Postmenopausal women with hormone receptor-positive primary breast cancer randomized to exemestane or anastrozole (enrolled on MA.27) reported comparable TRS and HRQL for the first two years of AI therapy. Comparable 5-year event-free survival (EFS), distant disease-free survival, disease-specific survival, and overall survival among women with early breast cancer enrolled on MA.27 and randomized to receive 5 years of anastrozole or exemestane has already been reported [3]. Taken together, the observation that TRS and HRQL are comparable supports approach as a reasonable option for patients considering an aromatase inhibitor for adjuvant therapy.

Among E1Z03 participants, the most common moderate or severe TRS shortly after initiation of AI therapy (3 months) included joint pain, hot flashes, decreased libido, fatigue, and night sweats. The proportion of patients reporting moderate or severe joint pain (33–36%) was significantly higher than CTCAE-rated arthralgia of any grade (6–7%) [3]. Many women reported the new onset of symptoms from baseline to 3 months and the most common treatment-emergent symptoms included joint pain, weight gain, hot flashes, decreased libido, breast sensitivity, night sweats, and mood swings. TRS negatively affected HRQL. In the full MA.27 sample, TRS determined by patient-rated CTCAE grades were not associated with relapse-free survival [4].

A significant proportion of patients (36.2%) discontinued AI therapy before completion of the recommended course. This analysis showed that being bothered by treatment side effects at baseline was associated with higher risk of early treatment discontinuation. Factors contributing to bother by treatment side effects at baseline included prior chemotherapy, prior radiation therapy, and the number of current medications. This suggests that a patient’s pre-treatment disposition and prior treatment experiences should be taken into account when initiating AI therapy to identify patients who may be prone to difficulties with tolerability of treatment. Patients experiencing greater symptom burden from prior cancer therapies, compounded by medications for comorbid conditions, are at greater risk for ‘treatment fatigue’ when faced with 5 years of AI therapy. In discontinuing treatment early, these patients are unable to gain maximum benefit from therapy and may benefit from efforts to bolster AI adherence. An analysis of aggregated PRO data across four cancer clinical trials found that this same item from the FACT, “I am bothered by side effects of treatment” was correlated with clinician-rated adverse events and patients’ overall enjoyment of life [25]. Taken together, these findings indicate this single item may provide value at the start of therapy in identifying patients at risk for treatment non-adherence.

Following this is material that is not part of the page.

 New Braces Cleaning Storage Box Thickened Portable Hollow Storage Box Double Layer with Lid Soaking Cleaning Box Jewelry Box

The questionnaire completion rate was excellent for this study. There were relatively few patients lost to attrition due to death or progressive disease in both treatment arms, which indicates that missing data therefore did not pose a serious problem for comparisons between the two treatment arms in this study. The lognormal survival models provided supportive evidence for this assertion. Limitations of this study included the challenges inherent to interpreting symptoms as treatment-related, particularly for complex, multifactorial symptoms (e.g., fatigue) and the use of single items to assess domains of interest. There was a difference in allocation to anastrozole and exemestane arms, although results by treatment arm were comparable.

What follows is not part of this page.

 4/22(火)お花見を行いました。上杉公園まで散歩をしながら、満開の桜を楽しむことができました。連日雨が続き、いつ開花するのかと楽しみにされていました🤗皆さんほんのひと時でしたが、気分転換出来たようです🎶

In conclusion, treatment-related symptoms and health-related quality of life were comparable among postmenopausal women with hormone receptor-positive breast cancer who received anastrozole or exemestane. Patient-reported bother with side effects of prior therapy and concurrent medications, assessed at the time of initiating AI treatment, may signal risk for subsequent early discontinuation of AI therapy.